INSTRUCTIONS TO FOLLOW: With the pictures omitted, write out all of the listing exactly.

GIVEN DATA:
________________________

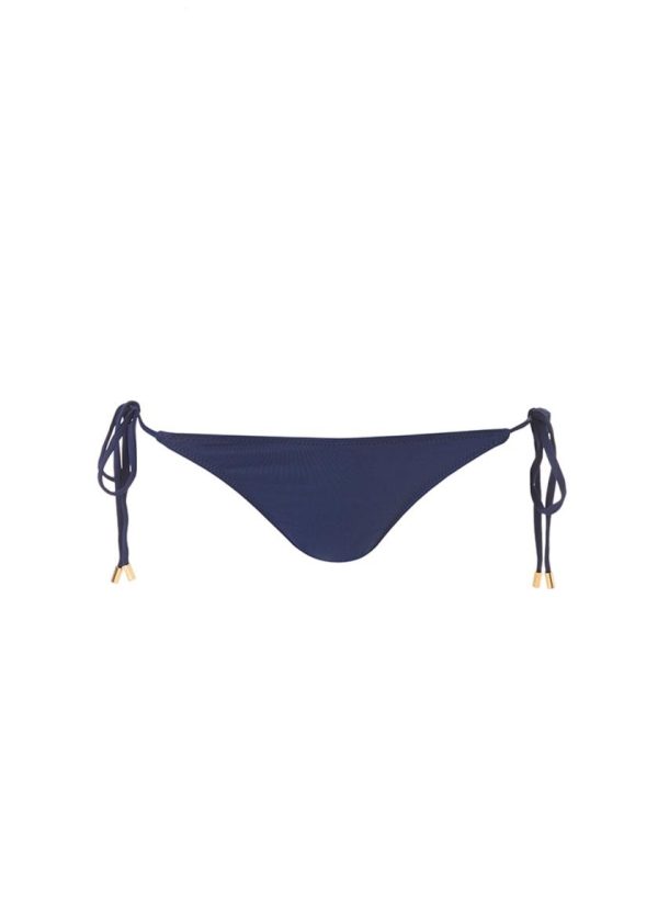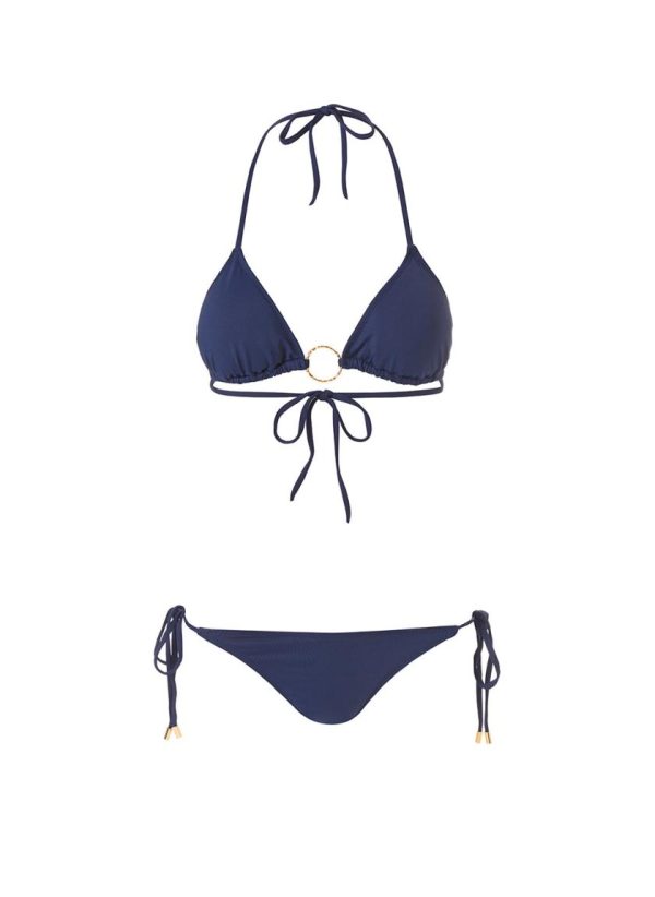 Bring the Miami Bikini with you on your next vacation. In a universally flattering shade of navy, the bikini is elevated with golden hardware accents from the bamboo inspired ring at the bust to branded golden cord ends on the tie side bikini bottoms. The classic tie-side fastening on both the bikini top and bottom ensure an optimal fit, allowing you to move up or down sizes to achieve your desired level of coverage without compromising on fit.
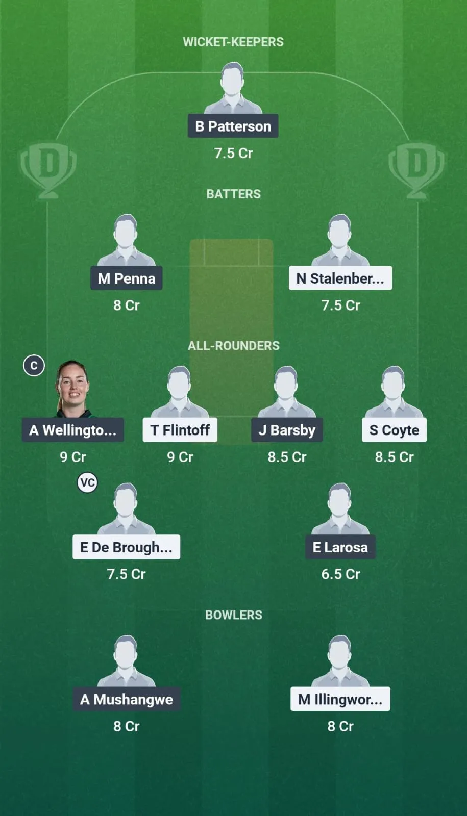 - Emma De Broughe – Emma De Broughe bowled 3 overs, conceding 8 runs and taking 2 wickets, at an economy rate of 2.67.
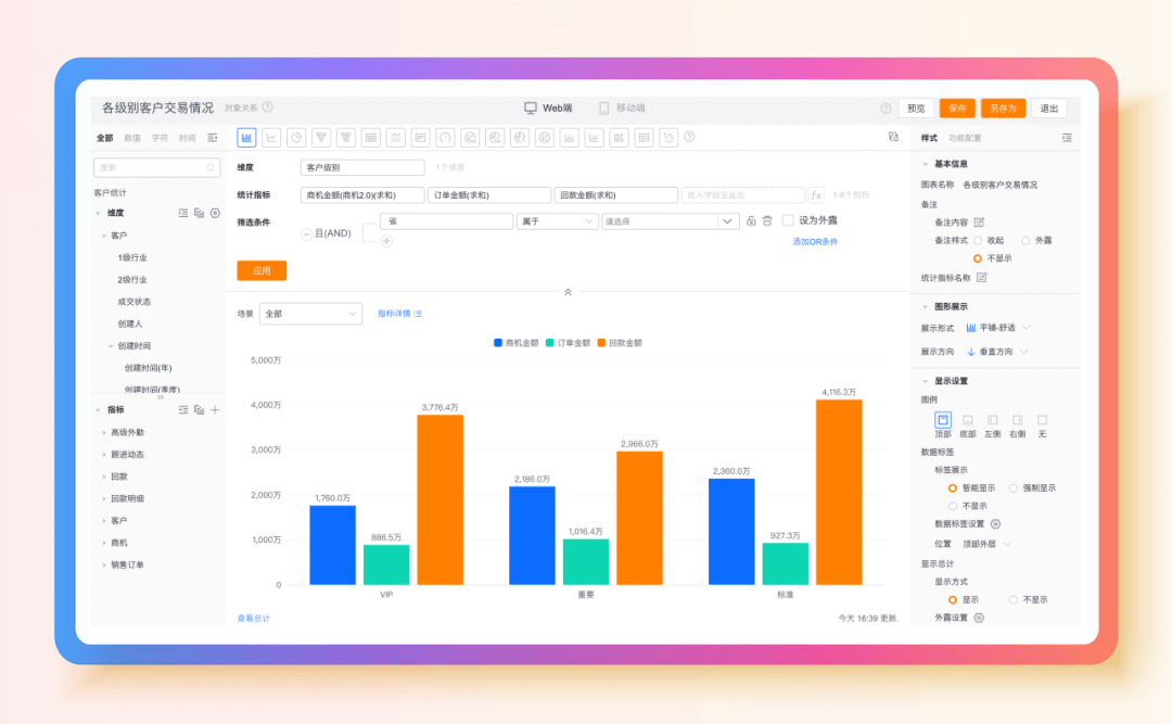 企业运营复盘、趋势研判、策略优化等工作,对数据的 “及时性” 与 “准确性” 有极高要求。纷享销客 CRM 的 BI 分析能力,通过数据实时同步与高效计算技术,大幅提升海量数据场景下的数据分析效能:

________________________

REPLY TO THE EXERCISE:
 Bring the Miami Bikini with you on your next vacation. In a universally flattering shade of navy, the bikini is elevated with golden hardware accents from the bamboo inspired ring at the bust to branded golden cord ends on the tie side bikini bottoms. The classic tie-side fastening on both the bikini top and bottom ensure an optimal fit, allowing you to move up or down sizes to achieve your desired level of coverage without compromising on fit.
 - Emma De Broughe – Emma De Broughe bowled 3 overs, conceding 8 runs and taking 2 wickets, at an economy rate of 2.67.
 企业运营复盘、趋势研判、策略优化等工作,对数据的 “及时性” 与 “准确性” 有极高要求。纷享销客 CRM 的 BI 分析能力,通过数据实时同步与高效计算技术,大幅提升海量数据场景下的数据分析效能:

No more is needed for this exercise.